LGBT: Lust, Gore, Bloodshed & Terror by Wol-vriey
Burning Bulb Publishing, 2024
ISBN: 9781964172002
Available: Paperback, Kindle edition
Buy: Bookshop.org | Amazon.com
The author himself has referred to his writing as ‘bizarro fiction,’ and this story certainly qualifies. It also qualifies as a good improvement over his last two novels. The book feels like a Greek tragicomedy of errors, with a lot of raunch, blood, and hilarious irony mixed in. Oh, and a vampire, too. And a witch. And a crazed scientist/artist. It’s a good read, for the excitement as well as the laughs, and it keeps you guessing all the way.
This is a ‘character web’ story, with four disparate main characters who barely know each other, and a host of secondary characters that slowly tie their fates together.

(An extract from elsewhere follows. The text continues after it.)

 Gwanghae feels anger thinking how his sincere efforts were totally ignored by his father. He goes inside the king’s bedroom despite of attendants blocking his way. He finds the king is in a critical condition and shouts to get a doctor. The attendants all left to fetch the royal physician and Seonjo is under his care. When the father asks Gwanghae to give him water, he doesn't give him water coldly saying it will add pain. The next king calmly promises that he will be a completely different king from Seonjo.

The main players are: Lavelle, a sex-crazed lesbian porn actress who is hounded by a lovestruck ghost; Greg, the elderly gay man cuckolded by his young trophy husband; Bryn, a lovelorn bisexual vampire eternally searching for her soulmate; and Tammi, a trans woman short on cash for gender affirmation surgery. It’s certainly an eclectic crew! The four of them all plan on doing not-so-nice things to others to improve their lives, but…things just never seem to quite work out according to plan. What makes the story fun, is all the unexpected ways things just go to hell in a handbasket. Just when it seems that it might get predictable, the story swings off in an unexpected fashion.

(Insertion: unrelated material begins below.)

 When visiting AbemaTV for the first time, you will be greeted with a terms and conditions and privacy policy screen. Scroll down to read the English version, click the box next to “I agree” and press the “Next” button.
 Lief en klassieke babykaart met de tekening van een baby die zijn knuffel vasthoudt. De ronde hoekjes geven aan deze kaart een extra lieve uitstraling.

The story does an excellent job pulling all the plot threads together a little at a time, and heaping delicious irony at every turn. The characters are great fun, often due to their deadpan way of looking at things. My personal favorite: one character’s initial response to winding up in everlasting Purgatory is, “this sucks already.” None of the four main characters are particularly nice or sympathetic (well, maybe Greg, but only at first) and that works very well for the plot. It makes it more fun when each of them reaps what they sow. The whole story is completely over the top. The entire thing is a puzzle, guessing who is going to get killed, condemned, or cursed next, and it usually doesn’t happen the way you would expect it to. The unpredictability of the story is one of its big selling points, and that alone makes it worth the read.
Bottom line time: it’s a good book from an author with a pretty large catalogue of stories to his credit This certainly ranks in the upper echelon of his works. Just remember, this is ADULTS ONLY material, it’s not for your kids!